The entire process takes 5 steps, approximately 15–30 minutes (most of which is spent waiting for the model to download).




Step 1: Install System Dependencies

macOS is missing some audio processing tools. Let’s install them using Homebrew.

Open Terminal and paste the following command:

brew install portaudio ffmpeg sox

⚠️ If you skip this step, you’ll get an error /bin/sh: sox: command not found later.

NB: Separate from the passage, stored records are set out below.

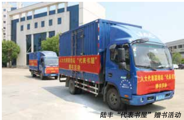
陆丰“代表书屋”赠书活动

书屋搭平台，人大代表讲故事。一场气氛热烈的“人大代表宣讲红色故事”宣讲活动在陆丰市金厢镇洲渚村人大代表联络站“代表书屋”举行，吸引了当地众多党员群众前来聆听。“你们知道当年南昌起义部队挺进潮汕时，周恩来、叶挺、聂荣臻等革命先辈抢渡碣石湾赴香港和开展革命活动的史迹吗？”宣讲中，金厢镇洲渚村人大代表联络站驻站人大代表黄哲泓围绕周恩来等革命领导人转战海陆丰的史迹，追忆周恩来在金厢的日子，讲述革命前辈在陆丰革命老区不屈不挠、艰苦卓绝的革命故事。在场的党员群众纷纷表示，可歌可泣的党
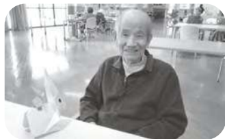
折り紙の兎との一コマ 素敵な一年になりますように
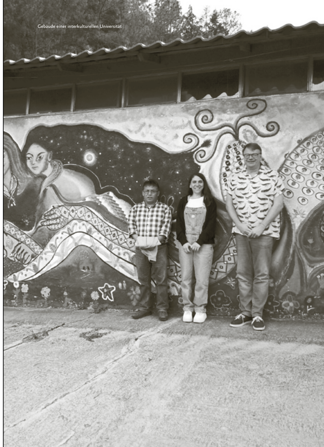
Gebäude einer interkulturellen Universität
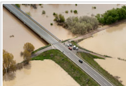
Cruce de carreteras en Cabanillas.
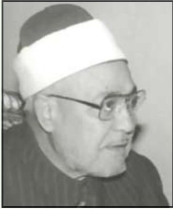
Shejkh Muhamed El-Gazali

N djej se mes bijve të vendit tim ka një "krizë shpirtmadhësie" që nuk njihej kurrë më parë! Nëse hajduti dikur u vidhte diçka kalimtarëve, njerëzit e tjerë e kapnin për fyti, ia jepnin dy-tre shpulla dhe e dorëzonin te policët!
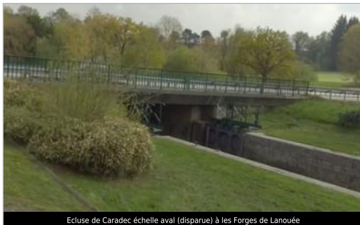
Ecluse de Caradec échelle aval (disparue) à les Forges de Lanouée

Coordonnées WGS84 : X: -2.57528536 / Y: 47.95309840

You can come back then, but it’s better to get it done now.


Step 2: Set Up a Python Environment

Pick a directory for your project, then use Conda to create a clean Python 3.12 environment to avoid conflicts with other projects on your system.

# Create and activate the environment (only need to do this once)
conda create -n qwen3-tts python=3.12 -y
conda activate qwen3-tts

# Install core libraries
pip install -U qwen-tts

# Clone the official repository
git clone https://github.com/QwenLM/Qwen3-TTS.git
cd Qwen3-TTS
pip install -e .

💡 What’s a Conda environment? Think of it as a “separate room” where all this project’s dependencies live. They won’t interfere with other programs on your computer.

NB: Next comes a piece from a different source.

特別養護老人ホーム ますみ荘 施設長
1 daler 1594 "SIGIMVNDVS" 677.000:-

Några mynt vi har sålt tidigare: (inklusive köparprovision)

Step 3: Adapt the Code for M4 Chip ⭐ (Crucial!)

Up to this point, everything matches the GitHub instructions. But if you’re using a Mac with an M-series chip, things get a bit different from here.

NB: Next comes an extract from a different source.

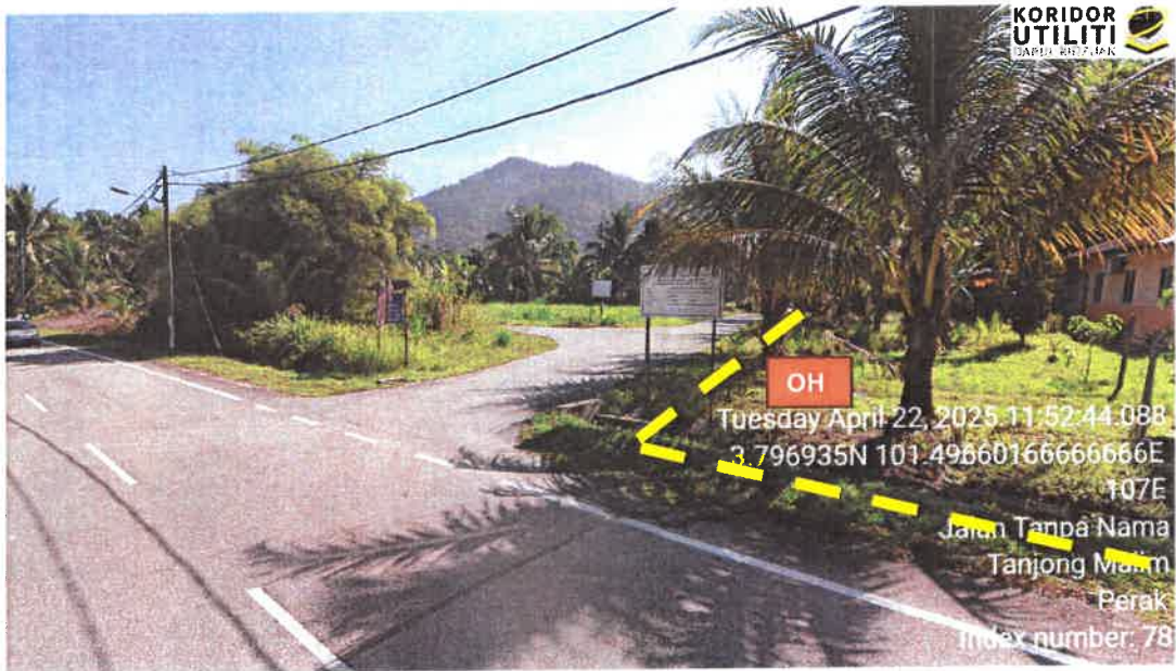
Rajah 5: Jalan Kg Tersusun Sungai Dara Tambahan

This is where Mac users最容易 encounter issues. The official script assumes NVIDIA GPUs, so we need to modify two places to use Apple’s GPU (MPS) instead.

Open the file examples/test_model_12hz_base.py, find around line 50, and make these two changes:

Change A: Specify MPS as the device

# ❌ Original code (designed for NVIDIA)
# tts = Qwen3TTSModel.from_pretrained(..., attn_implementation="flash_attention_2")

# ✅ Change to this (adapted for Mac M4)
tts = Qwen3TTSModel.from_pretrained(
    "Qwen/Qwen3-TTS-12Hz-1.7B-Base",   # Note: removed trailing slash /
    torch_dtype=torch.bfloat16,          # M4 fully supports bfloat16, balancing precision and speed
    attn_implementation="sdpa",          # Mac-compatible attention mechanism, replaces flash_attention_2
    device_map="mps",                    # Force Apple GPU usage
)

Change B: Adapt synchronization for MPS

# ❌ Original code (NVIDIA only, will crash on Mac)
# torch.cuda.synchronize()

# ✅ Change to this (auto-detect which GPU to use)
if torch.cuda.is_available():
    torch.cuda.synchronize()
elif torch.backends.mps.is_available():
    torch.mps.synchronize()   # Correct command for Mac

🔧 Why make these changes? The M4 chip uses Apple’s own Metal framework (MPS), which is completely different from NVIDIA’s CUDA. The first change tells the model “use Apple GPU,” and the second ensures the sync wait command uses the correct Apple version.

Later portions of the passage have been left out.